BEGIN

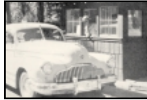
North Entrance Station, 1956.
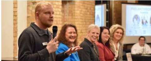
Lunch & Learn Series
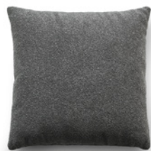
Bali color 16
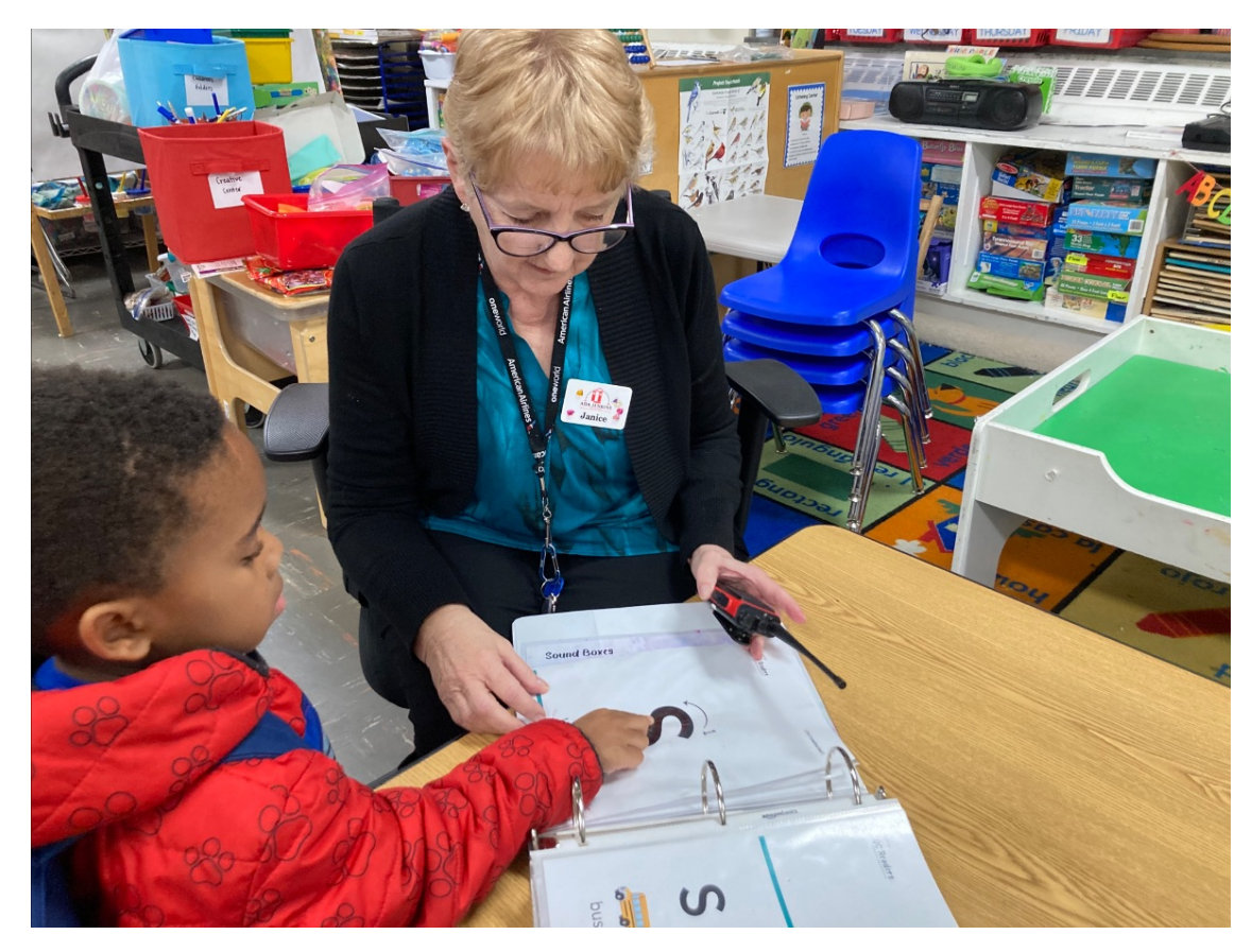
QCR in use in Ada Jenkins Center's LEARN Works program

END

EXERCISE DESCRIPTION:
Extract the full listing exactly, with the pictures left out.

YOUR SOLUTION:
North Entrance Station, 1956.
Lunch & Learn Series
Bali color 16
QCR in use in Ada Jenkins Center's LEARN Works program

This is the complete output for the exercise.